Sometimes people say they just needed to run away or kill the person. That’s just a behavior, which isn’t always the most acceptable or ecological choice for the whole system.
When you’re at the behavioral level, it’s important to have several options, a range of possibilities, so you can make an adequate choice. The ability to increase choice is much more important than any particular behavior. I might say, “My mother needed to say something to that person.” “To say something” is a specific behavior. But what ability is needed to know what to say? Here, I’d need some communication skills. I might need good ideas from the NLP toolkit. “It would have been great if my mother had NLP strategies.” To handle the situation and say what’s needed, I might need a resource at the belief level or even at the identity level. Again, at this stage, we discover what resources are needed. You may need resources at all levels. I don’t think you always have to go to every level. It’s clear that Carla’s imprint relates to a very significant situation, more significant than what many people experience. But regardless of the content, she had to face the same questions everyone does at some point—without hiding from herself or reality. If someone says, “I just needed to know this or that,” or “My mother should have known this or that,” that’s an ability. Sometimes people already have the beliefs and self-knowledge, but lack information. Sometimes people have the information but deny it because they lack self-confidence. So, when searching for the necessary resource, ask: “At what level or levels is this resource needed?” And find the required resources for each perceptual position.

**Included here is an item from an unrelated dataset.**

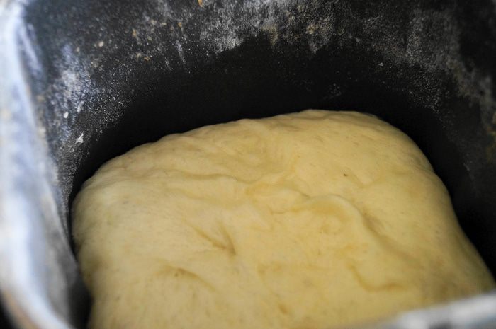 В миску от хлебопечки: налить молоко, добавить соль, сахар, растительное масло, муку и дрожжи. Поставить на хлебопечке режим "Тесто". Через 1,5 часа будет готово пышное и воздушное тесто.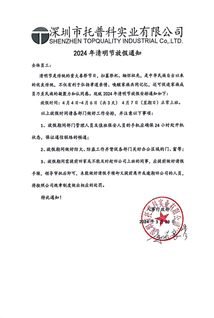 清明節(jié)放假時間:根據(jù)公司實際情況,我公司清明放假時間為2024年4月4日--2024年4月6日(周四、周五、周六)共3天,2024年4月7日(周日)正常上班。

The ability to take multiple perceptual positions is important not only in psychotherapy but in many other areas. If you run a company and have no idea what your employees feel, think, or believe, you can’t manage them well, because you have no idea what it’s like to be in their shoes. After we identify the required resource and know what level it’s at, we need to access that resource in the person we’re working with. It doesn’t matter if the mother never had it, or if the child didn’t have it at the time. What matters is that the resource exists, and in the present, our client can access and feel it. Even if it was present for just a moment in your life, you can grab it, and if you combine it with the imprint, it will start to have more and more influence; it will grow like a mustard seed. The key is not to fool participants about what really happened. They can always remember what actually happened. But instead of those memories remaining as scars and throwing you into confusion and hopelessness every time, you bring a solution into the memory. So, you’ll remember not only what actually happened, but also the decision you made. And that decision is real. When it comes to personal history, remember: you are not the content of your past experiences.